[What is expected]: The result should be an exact copy of only the lines from the one with "Moreover, the significant" through the last line of the data below, with pictures omitted.

[Data excerpts]
══════
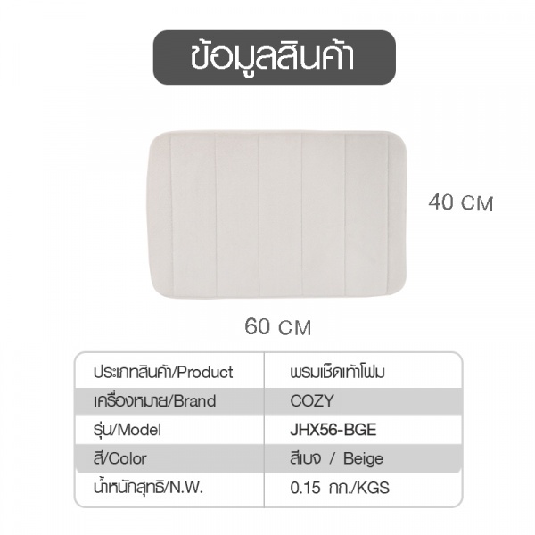 พรมเช็ดเท้าโฟม Cozy ขนาด 40×60×1.2ซม. สีเบจ
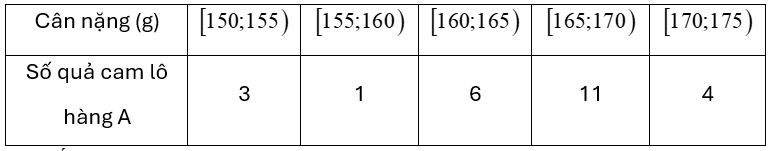 Kết quả khảo sát cân nặng của 25 quả cam ở lô hàng A được cho ở bảng sau:
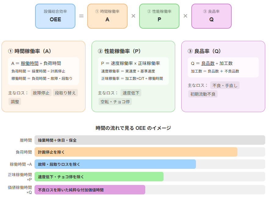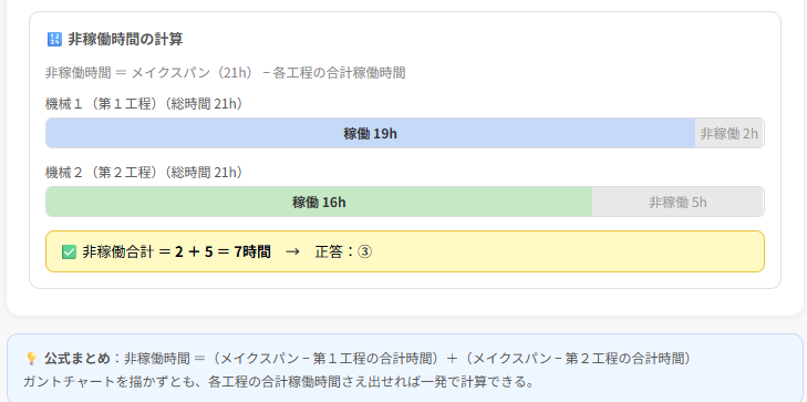 | c(目的語ズレ):性能稼働率は、負荷時間ではなく「稼働時間」で除して求める。 d(目的語ズレ):良品率は、加工数量から不適合品(手直し含む)を引いた「良品数量」の割合である。 e(述語ズレ):設備総合効率は、時間稼働率・性能稼働率・良品率の3つを「掛け合わせて(積で)」求められる。 |
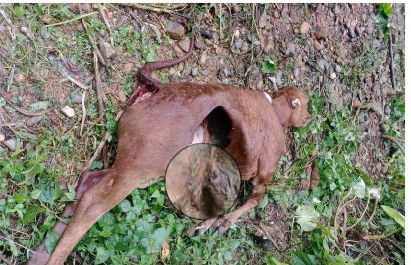 Xác bò bị mất phần nội tạng. ảnh: Thành Đạt.
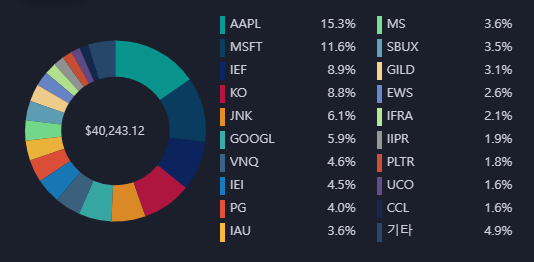 매수 : AAPL 1ea, KO 1ea, IEI 1ea, IFRA 2ea, PLTR 3ea, PG 1ea
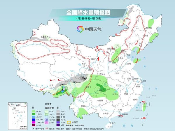 中央气象台预计,今天,新疆沿天山一带和南疆西部山区、内蒙古东北部、西藏东部、青海东南部、川西高原北部等地部分地区有小到中雪或雨夹雪,其中,西藏东北部、川西高原北部等地部分地区有大雪。吉林东部、辽东半岛、山东半岛、山西中北部、西藏东南部、甘肃南部、陕西南部、西南地区东部、江南西部、云南南部、台湾岛等地部分地区有小到中雨,其中,西藏东南部部分地区有大雨。
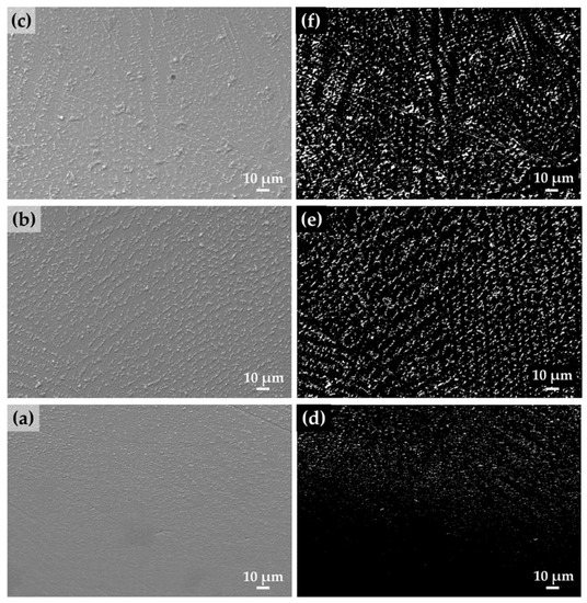 SEM images showing the morphology and concentration of the precipitation of as-deposited IN718 parts in different regions (a) bottom; (b) middle; and (c) upper area, and binary images showing the matrix as black background and precipitation as white particles in (d) bottom; (e) middle; and (f) upper area, corresponding to a–c, respectively.
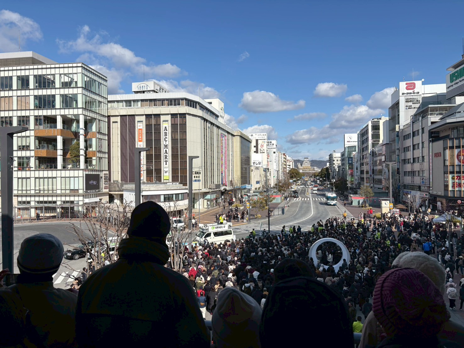 姫路駅前、北側広場にて。ものすごい聴衆となります。
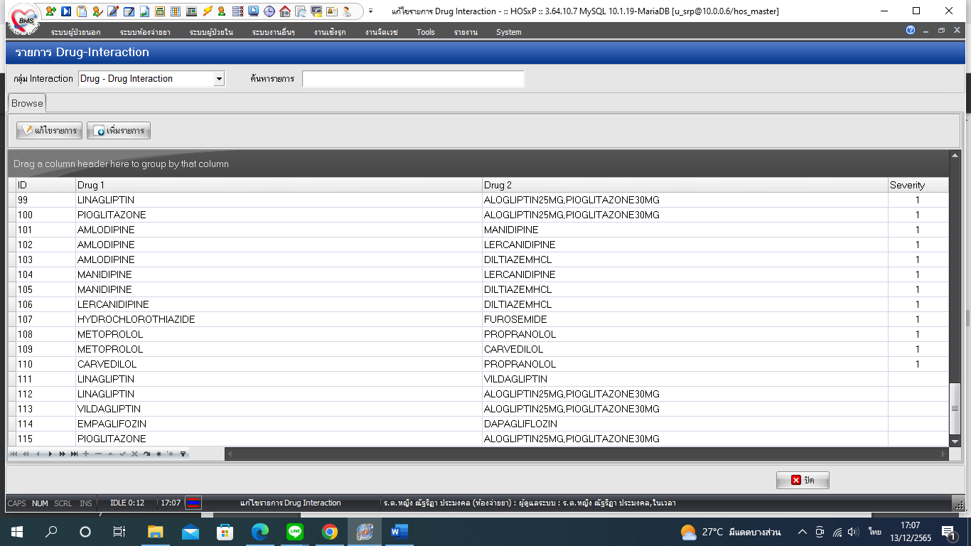 1.การอัพเดตรายการยาและตั้งค่ารายการยาที่มีข้อบ่งใช้เดียวกันเมื่อมีรายการยาใหม่ทุกครั้งแล้วบันทึกในระบบ HosXP ทำการแจ้งแพทย์ พยาบาลให้ทราบถึงรายการยาดังกล่าว
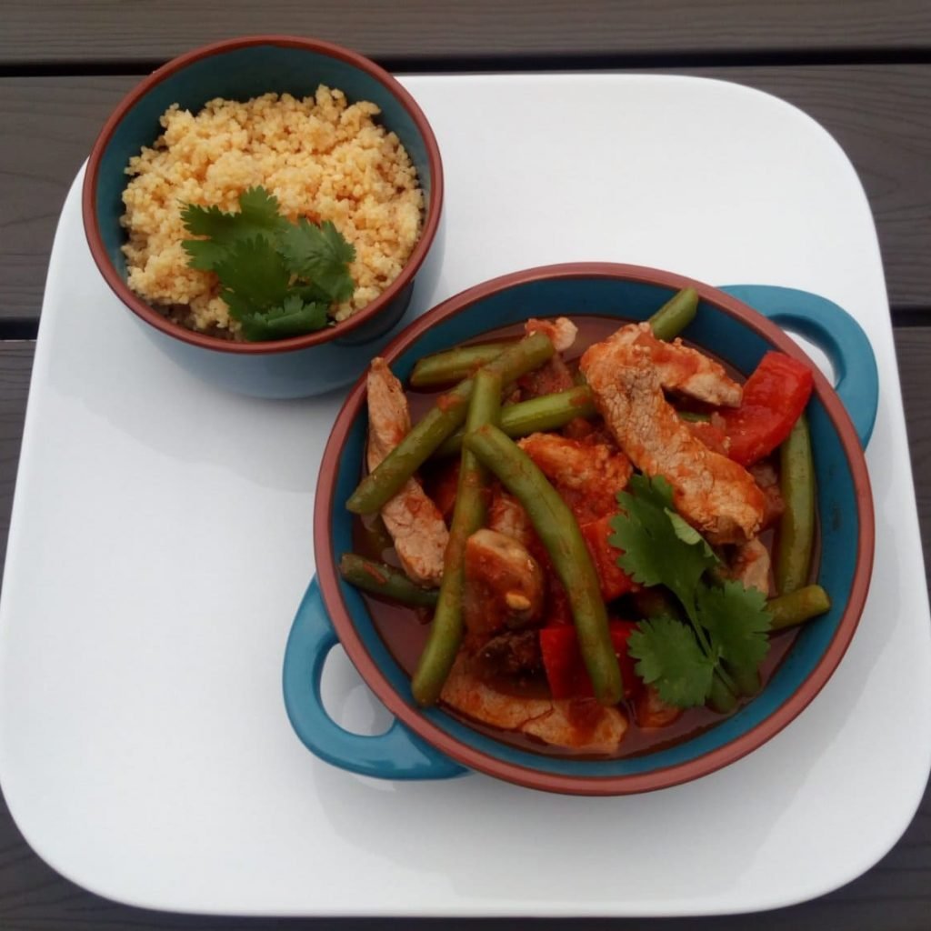 Couscous van linzen en kikkererwten met pikante varkensreepjes
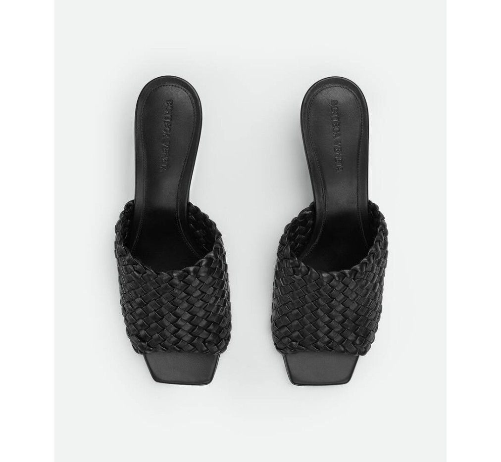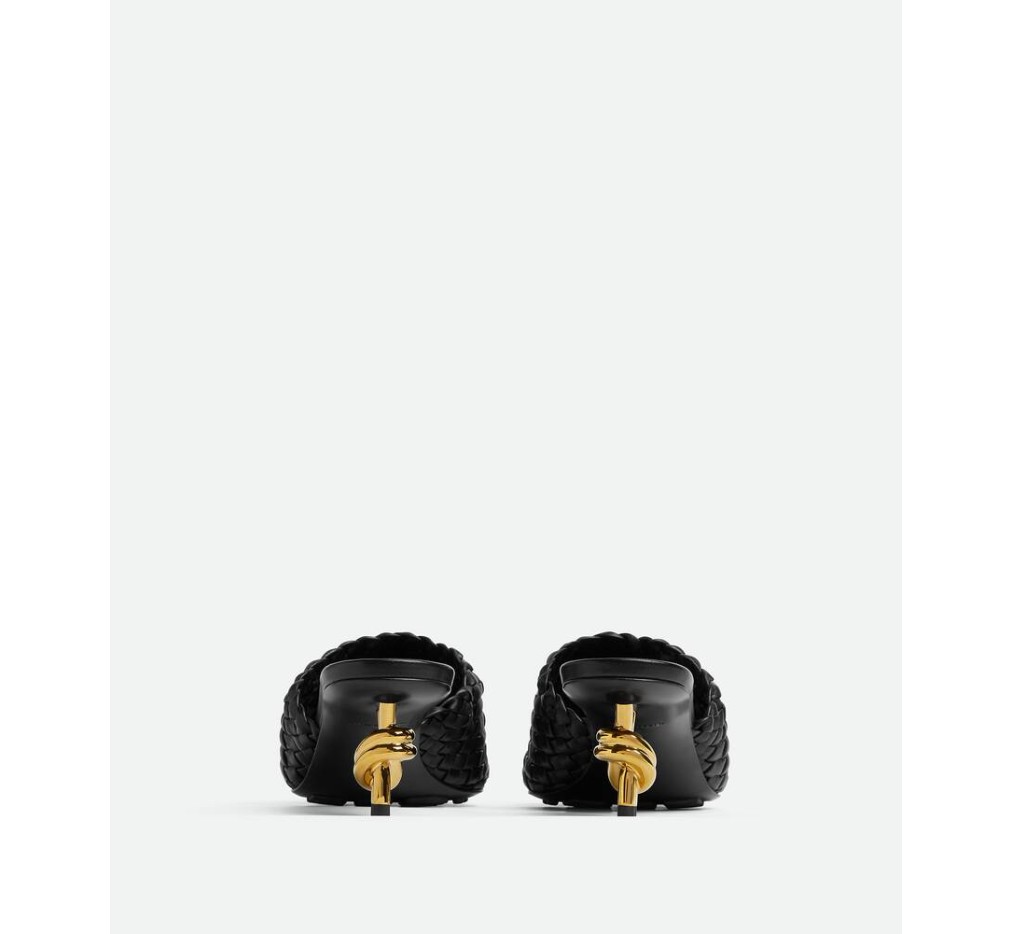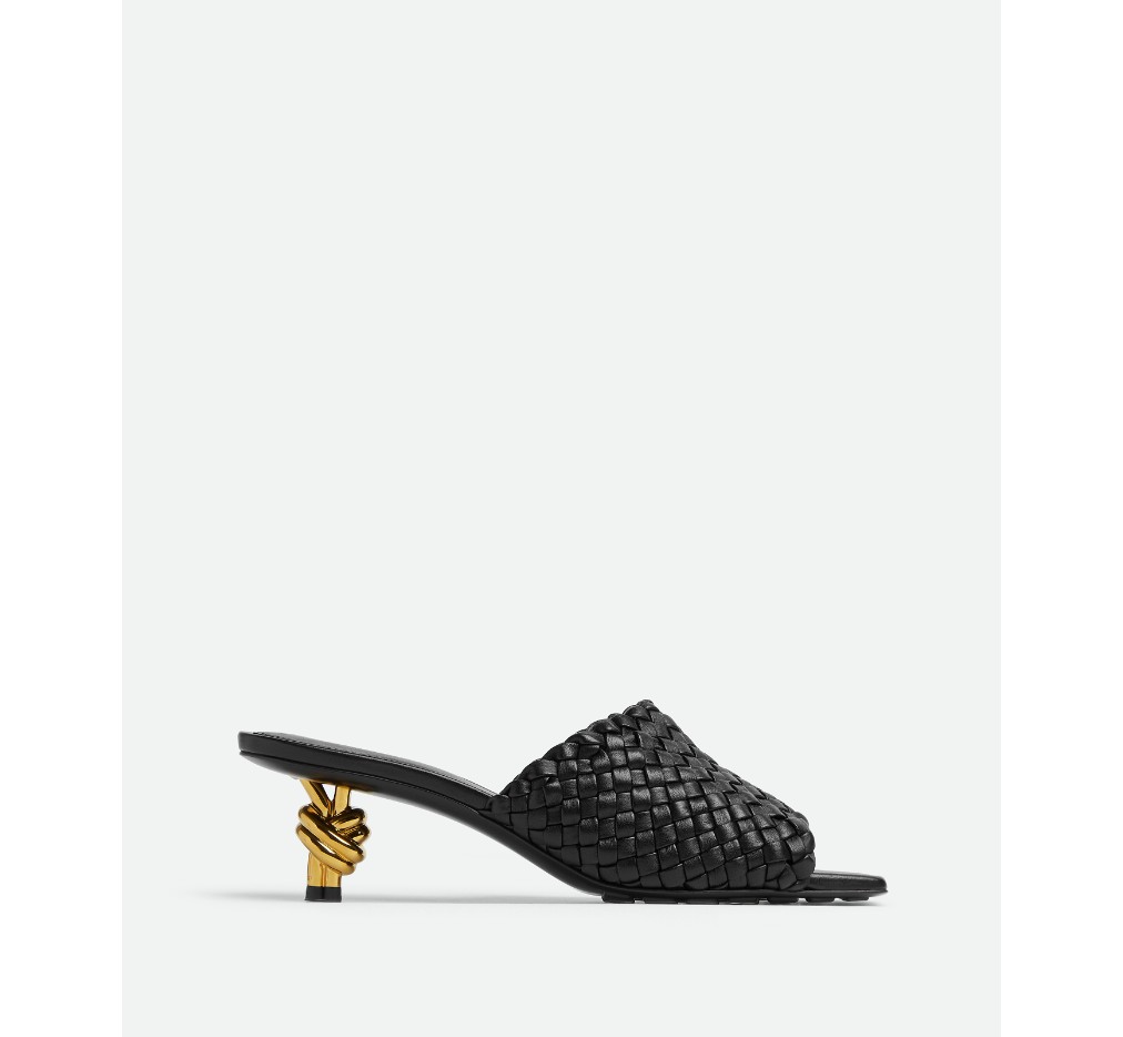 시그니처 메탈 매듭 힐이 달린 인트레치오 양가죽 뮬.– 인트레치오 레더 뮬
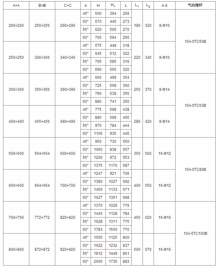 | 700×700 | 772×772 | 820×820 | 45° | 617 | 380 | 450 | 630 | 16-Ф16 | DTⅡA500-M | 0.75 |
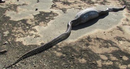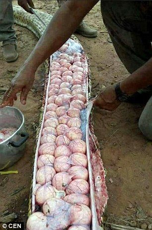 当地的村民怀疑一条巨大的蟒蛇吞吃了它们的牲口,但是把它劈开以后才发现,这货肚子里竟然装了几十只蛇蛋。
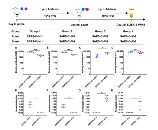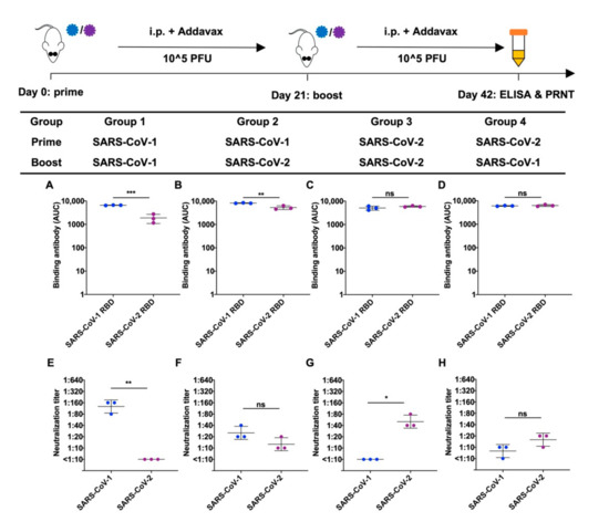 Binding and neutralization of mouse plasma 14 days after homologous or heterologous immunization of SARS-CoV-1 and SARS-CoV-2. Plasma samples were collected 14 days (day 35) after two rounds of immunization (prime-day 0, boost-day 21) with SARS-CoV-1 or SARS-CoV-2 as illustrated. (A–D) RBD (receptor binding domain) proteins from SARS-CoV-1 and SARS-CoV-2 were used as the antigen coating on the ELISA plates. Binding of RBD to serial diluted plasma sample was analyzed from five mice immunized using (A) SARS-CoV-1 homologous prime-boost, (B) heterologous SARS-CoV-1-prime, SARS-CoV-2-boost, (C) SARS-CoV-2 homologous prime-boost, and (D) heterologous SARS-CoV-2-prime, SARS-CoV-1-boost. AUC, area under the curve. (E–H) Neutralizing titers (PRNT90) of plasma samples from mice immunized with (E) SARS-CoV-1 homologous prime-boost, (F) heterologous SARS-CoV-1-prime, SARS-CoV-2-boost, (G) SARS-CoV-2 homologous prime-boost, and (H) heterologous SARS-CoV-2-prime, SARS-CoV-1-boost, were analyzed by a PRNT (plaque reduction neutralization test) assay. Each data point in the figure represents the mean of two replicates. Error bars represent standard deviation. p-values were calculated using a two-tailed t-test (* p < 0.05, ** p < 0.01, *** p < 0.001, **** p < 0.0001, ns (not significant)).
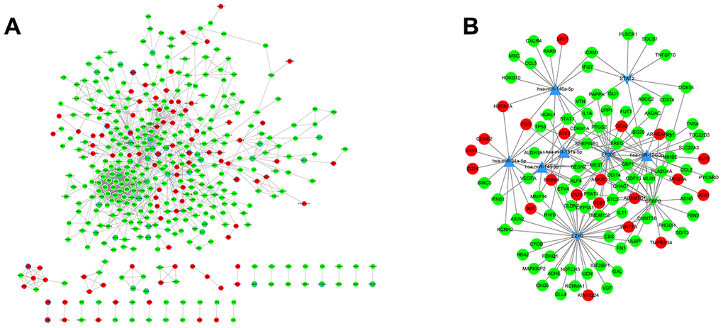Moreover, the significant modules in the PPI network were mined using the MCODE tool [51] with a screening score > 10. For the intriguing DEGs, we performed microRNA and transcription factor (TF) predictions by using Enrichr tools [52]. The corresponding miRNA-gene pairs and TF-gene pairs were also identified from the miRTarBase and ENCODE databases [53]. Finally, we integrated these miRNAs, TFs, and candidate genes to construct a systemic regulatory network.
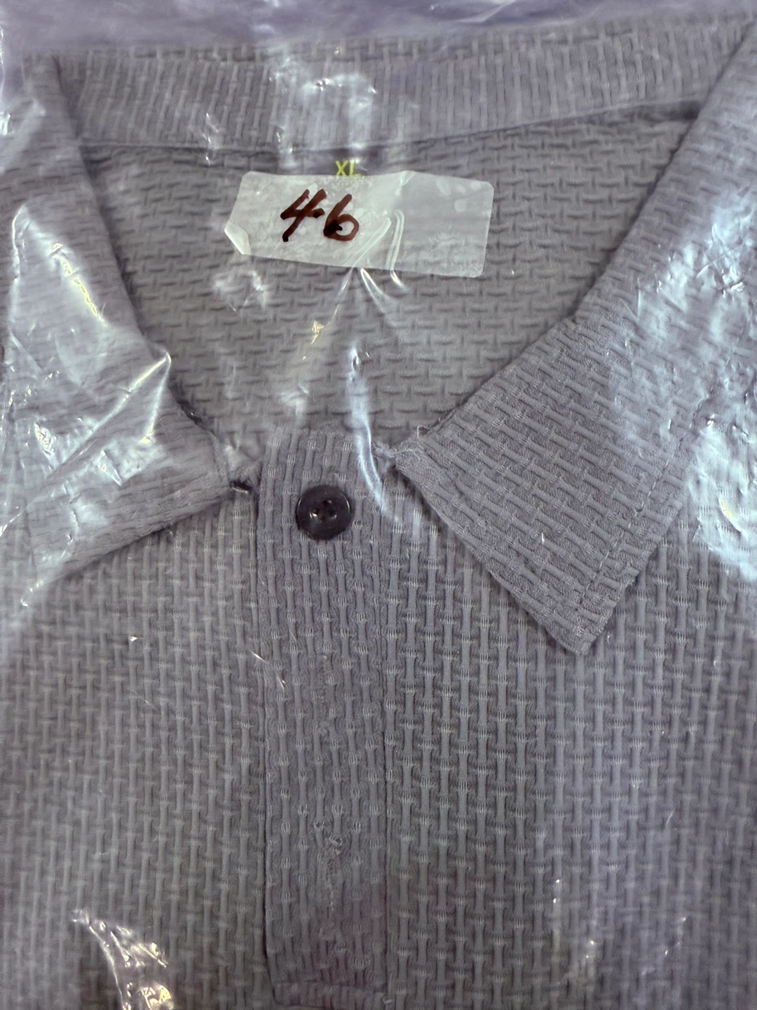 Selling a gray textured polo shirt in size XL. It's in great condition and has a unique woven pattern. Perfect for a casual yet stylish look!
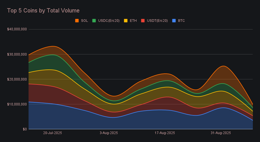 ETH and SOL both saw heavy reversals after ranking near the top in the prior report. ETH finished the period with a total volume of $1.80m, down from $4.63m (−61.0%). Deposits came in at $1.07m versus $1.76m last week (−39.2%), while settlements dropped more sharply to $548k from $1.58m (−65.2%). SOL was hit hardest, plunging to $1.32m from last week’s $7.05m (−81.3%). Settlements collapsed to $707k from $3.68m (−80.8%), while user deposits fell to $451k (−21.2%). The stark reversal underscored the absence of large settlement flows such as the BTC/SOL pair, which had driven last week’s surge to multi-month highs for the coin.
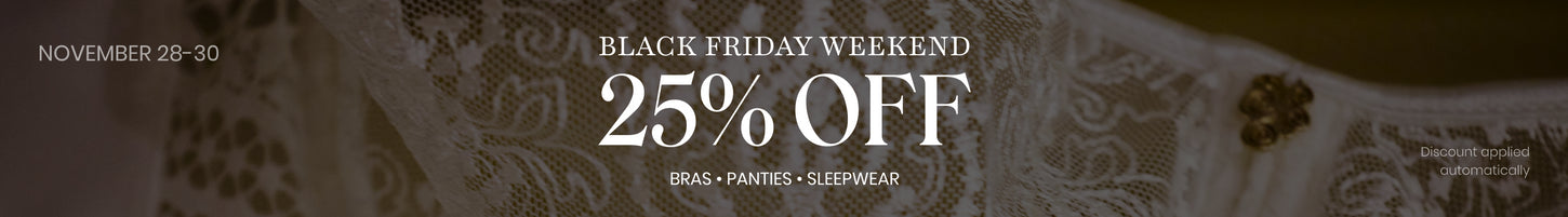 25% OFF applies to regular-priced Bras, Panties and Sleepwear only. Discount is automatically applied at checkout. Not valid on sale items or previous purchases. Exclusions may apply.
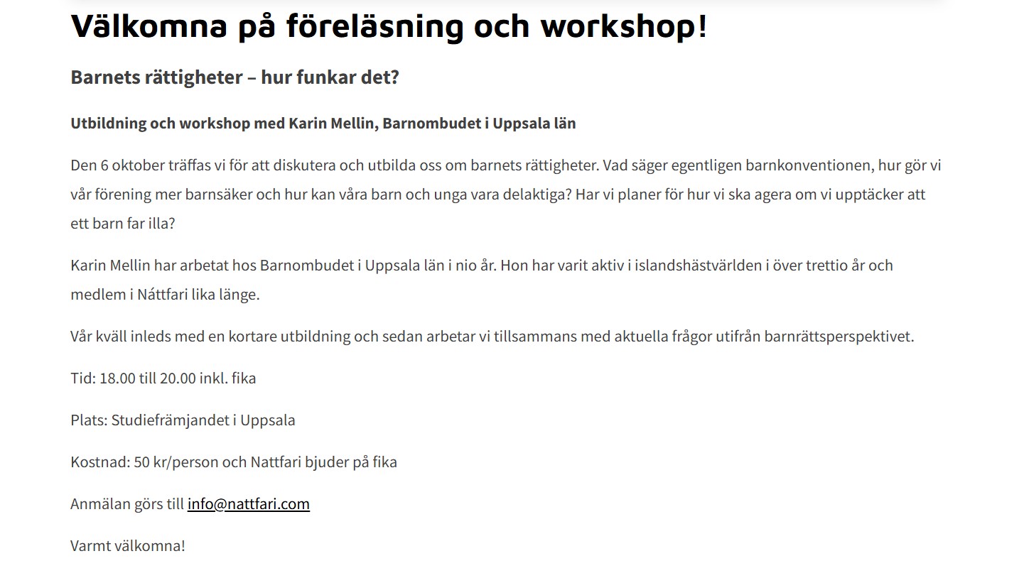 Nattfari arrangerar en utbildning och workshop med Karin Mellin, Barnombudet i Uppsala.
══════
[Exercise answer]:
Moreover, the significant modules in the PPI network were mined using the MCODE tool [51] with a screening score > 10. For the intriguing DEGs, we performed microRNA and transcription factor (TF) predictions by using Enrichr tools [52]. The corresponding miRNA-gene pairs and TF-gene pairs were also identified from the miRTarBase and ENCODE databases [53]. Finally, we integrated these miRNAs, TFs, and candidate genes to construct a systemic regulatory network.
 Selling a gray textured polo shirt in size XL. It's in great condition and has a unique woven pattern. Perfect for a casual yet stylish look!
 ETH and SOL both saw heavy reversals after ranking near the top in the prior report. ETH finished the period with a total volume of $1.80m, down from $4.63m (−61.0%). Deposits came in at $1.07m versus $1.76m last week (−39.2%), while settlements dropped more sharply to $548k from $1.58m (−65.2%). SOL was hit hardest, plunging to $1.32m from last week’s $7.05m (−81.3%). Settlements collapsed to $707k from $3.68m (−80.8%), while user deposits fell to $451k (−21.2%). The stark reversal underscored the absence of large settlement flows such as the BTC/SOL pair, which had driven last week’s surge to multi-month highs for the coin.
 25% OFF applies to regular-priced Bras, Panties and Sleepwear only. Discount is automatically applied at checkout. Not valid on sale items or previous purchases. Exclusions may apply.
 Nattfari arrangerar en utbildning och workshop med Karin Mellin, Barnombudet i Uppsala.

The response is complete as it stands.